● What the exercise asks
Using the data that follows, output only the lines from the line with "Престиж, салон штор" up to and including the line with "화학물질의 안전한 사용을", exactly, leaving pictures aside.

● Data supplied
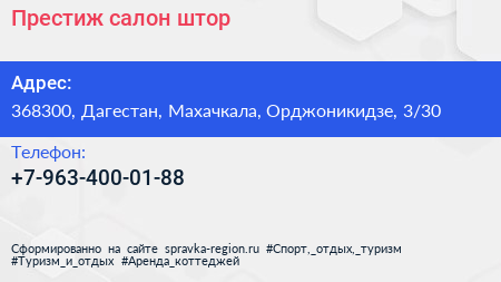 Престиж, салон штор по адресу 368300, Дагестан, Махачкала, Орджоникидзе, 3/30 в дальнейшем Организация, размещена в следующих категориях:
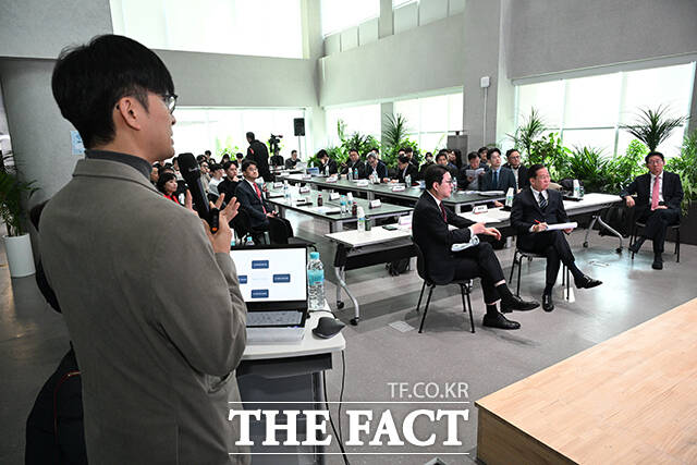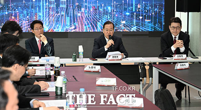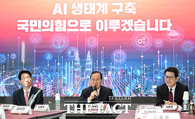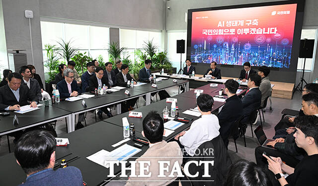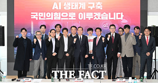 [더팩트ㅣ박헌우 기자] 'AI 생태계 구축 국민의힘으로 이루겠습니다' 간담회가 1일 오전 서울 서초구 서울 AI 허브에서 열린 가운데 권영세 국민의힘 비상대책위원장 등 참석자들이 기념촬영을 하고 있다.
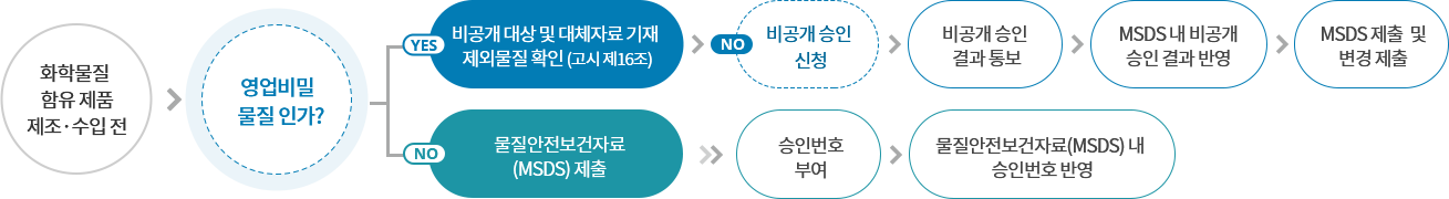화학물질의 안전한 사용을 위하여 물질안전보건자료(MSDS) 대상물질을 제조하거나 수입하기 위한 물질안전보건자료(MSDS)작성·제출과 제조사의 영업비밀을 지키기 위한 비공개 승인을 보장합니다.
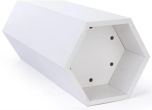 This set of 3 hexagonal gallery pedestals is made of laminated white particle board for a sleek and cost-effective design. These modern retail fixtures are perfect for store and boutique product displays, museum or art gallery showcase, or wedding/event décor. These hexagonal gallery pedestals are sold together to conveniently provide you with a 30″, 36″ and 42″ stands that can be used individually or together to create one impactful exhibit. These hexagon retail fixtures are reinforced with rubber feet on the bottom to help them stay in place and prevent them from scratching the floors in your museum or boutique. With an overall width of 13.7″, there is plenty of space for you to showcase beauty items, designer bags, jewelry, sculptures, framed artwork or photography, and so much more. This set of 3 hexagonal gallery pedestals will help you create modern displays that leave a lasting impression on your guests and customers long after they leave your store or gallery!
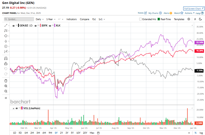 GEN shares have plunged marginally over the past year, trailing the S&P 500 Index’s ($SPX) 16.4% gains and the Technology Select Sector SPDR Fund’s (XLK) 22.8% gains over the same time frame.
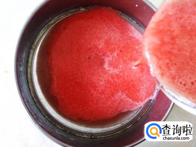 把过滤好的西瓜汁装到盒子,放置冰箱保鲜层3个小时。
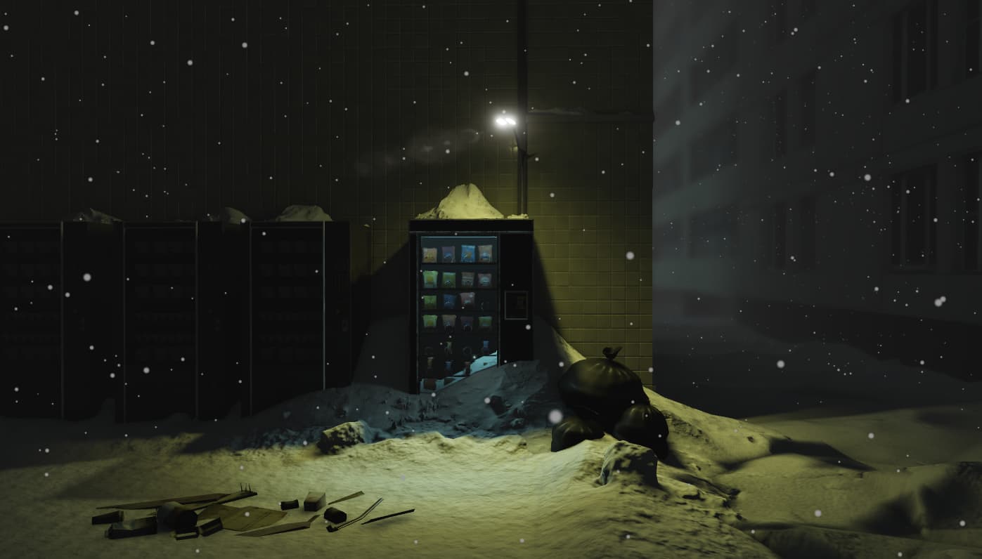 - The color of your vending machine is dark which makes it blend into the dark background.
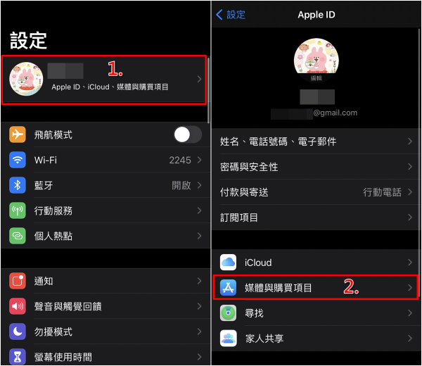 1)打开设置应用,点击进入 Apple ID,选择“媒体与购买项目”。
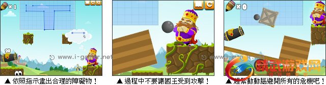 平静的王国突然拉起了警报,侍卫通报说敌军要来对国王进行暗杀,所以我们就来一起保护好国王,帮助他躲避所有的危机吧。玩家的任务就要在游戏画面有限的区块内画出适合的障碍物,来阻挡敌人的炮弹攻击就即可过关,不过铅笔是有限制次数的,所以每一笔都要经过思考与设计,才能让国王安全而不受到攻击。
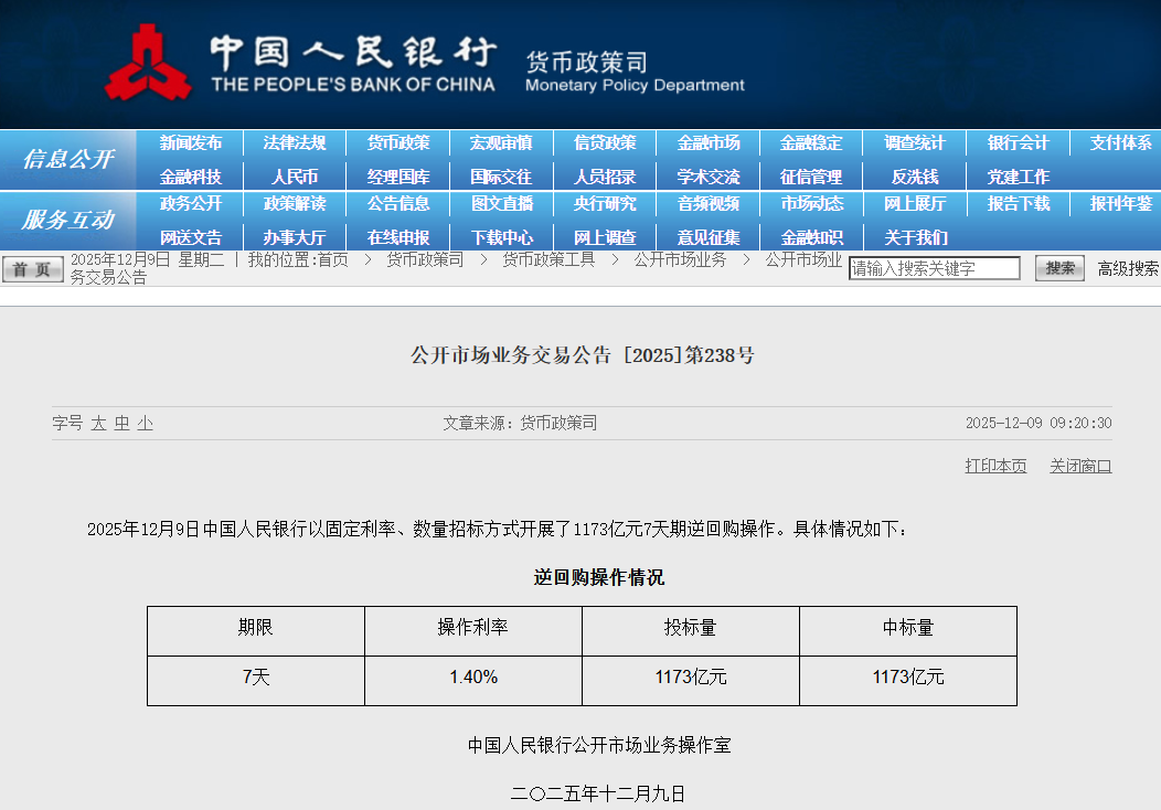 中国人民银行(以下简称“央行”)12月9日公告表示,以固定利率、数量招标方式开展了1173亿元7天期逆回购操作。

--

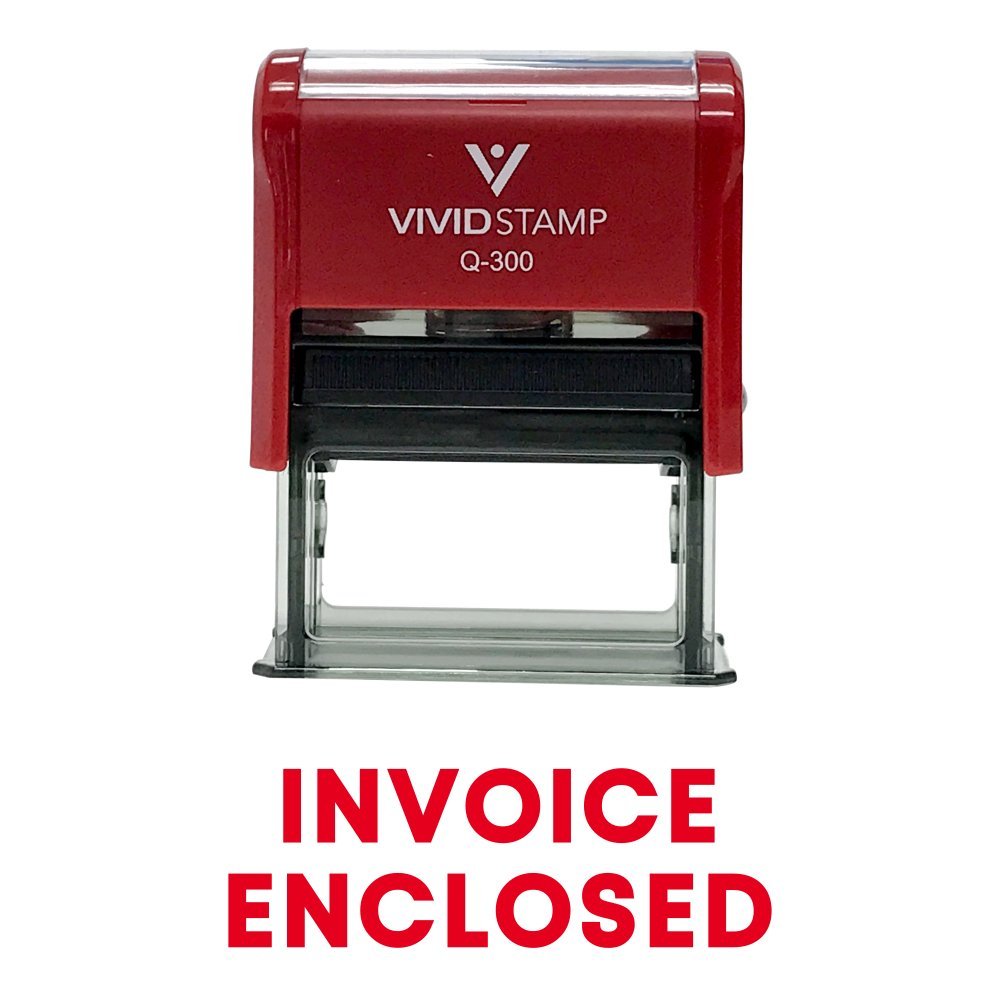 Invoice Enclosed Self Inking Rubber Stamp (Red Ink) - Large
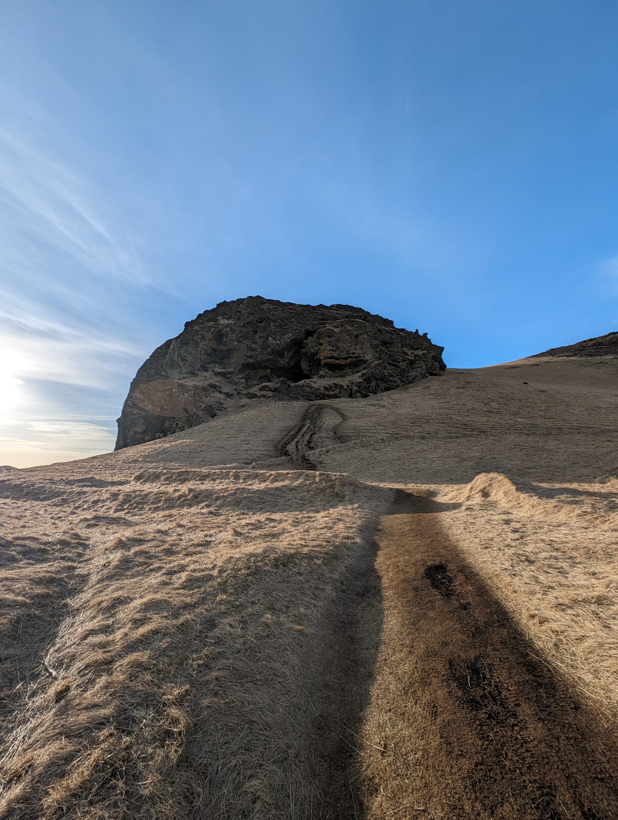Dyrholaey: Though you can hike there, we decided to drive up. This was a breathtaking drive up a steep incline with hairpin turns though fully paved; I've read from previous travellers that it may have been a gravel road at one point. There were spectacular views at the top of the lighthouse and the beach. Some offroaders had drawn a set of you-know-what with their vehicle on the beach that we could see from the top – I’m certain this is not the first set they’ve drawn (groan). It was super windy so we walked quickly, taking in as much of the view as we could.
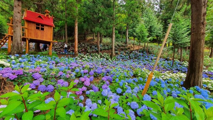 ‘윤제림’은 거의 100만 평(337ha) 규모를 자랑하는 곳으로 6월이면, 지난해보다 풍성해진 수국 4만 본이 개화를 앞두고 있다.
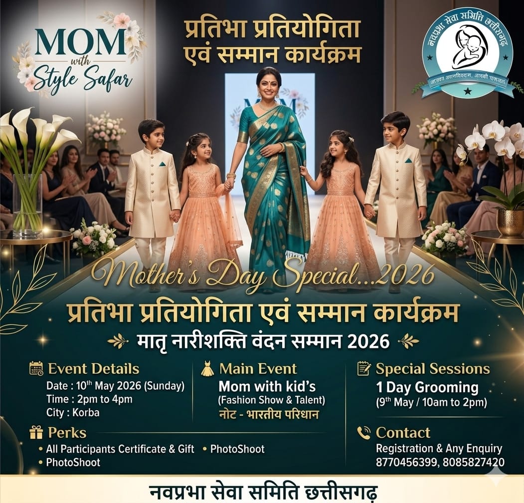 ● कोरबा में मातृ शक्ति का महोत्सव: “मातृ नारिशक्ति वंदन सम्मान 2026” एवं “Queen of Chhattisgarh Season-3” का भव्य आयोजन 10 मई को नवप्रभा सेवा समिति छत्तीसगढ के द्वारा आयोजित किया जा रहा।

● Result of the task
 Престиж, салон штор по адресу 368300, Дагестан, Махачкала, Орджоникидзе, 3/30 в дальнейшем Организация, размещена в следующих категориях:
 [더팩트ㅣ박헌우 기자] 'AI 생태계 구축 국민의힘으로 이루겠습니다' 간담회가 1일 오전 서울 서초구 서울 AI 허브에서 열린 가운데 권영세 국민의힘 비상대책위원장 등 참석자들이 기념촬영을 하고 있다.
화학물질의 안전한 사용을 위하여 물질안전보건자료(MSDS) 대상물질을 제조하거나 수입하기 위한 물질안전보건자료(MSDS)작성·제출과 제조사의 영업비밀을 지키기 위한 비공개 승인을 보장합니다.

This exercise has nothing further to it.